_Assignment_:
No pictures should appear. The lines from the beginning of the listing through the one holding "Start exploration of" must be reproduced exactly, and nothing more.

_Data shown_:
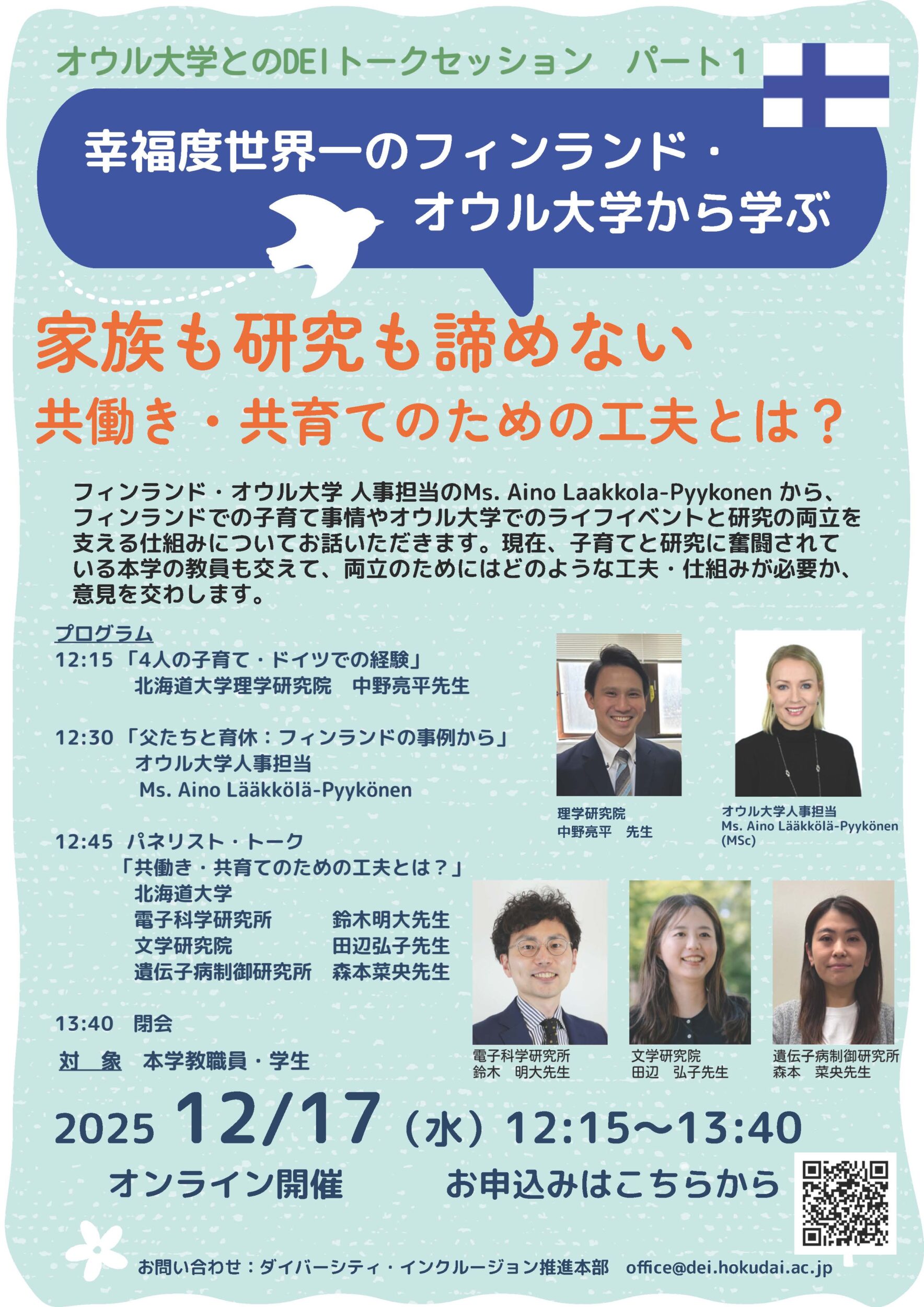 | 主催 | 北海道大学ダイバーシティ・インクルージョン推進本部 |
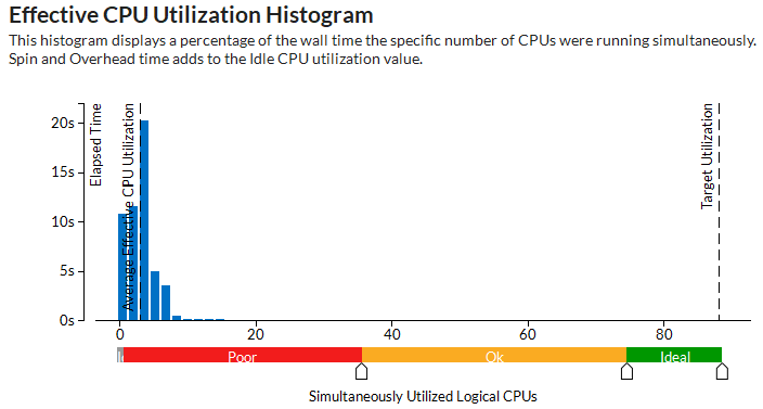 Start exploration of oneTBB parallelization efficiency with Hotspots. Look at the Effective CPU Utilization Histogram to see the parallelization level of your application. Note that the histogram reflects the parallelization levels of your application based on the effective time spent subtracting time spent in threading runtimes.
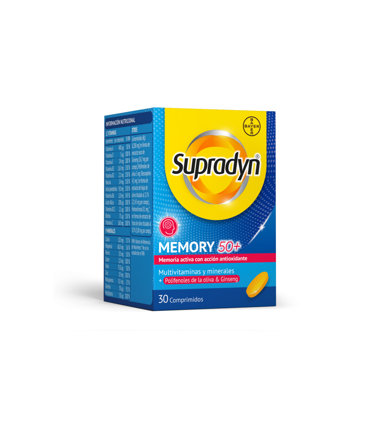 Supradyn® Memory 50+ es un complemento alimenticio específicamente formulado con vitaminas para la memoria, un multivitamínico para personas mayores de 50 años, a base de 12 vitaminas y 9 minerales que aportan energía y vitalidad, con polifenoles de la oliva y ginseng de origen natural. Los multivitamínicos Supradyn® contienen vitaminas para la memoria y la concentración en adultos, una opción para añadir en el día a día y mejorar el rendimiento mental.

_Task answer_:
 | 主催 | 北海道大学ダイバーシティ・インクルージョン推進本部 |
 Start exploration of oneTBB parallelization efficiency with Hotspots. Look at the Effective CPU Utilization Histogram to see the parallelization level of your application. Note that the histogram reflects the parallelization levels of your application based on the effective time spent subtracting time spent in threading runtimes.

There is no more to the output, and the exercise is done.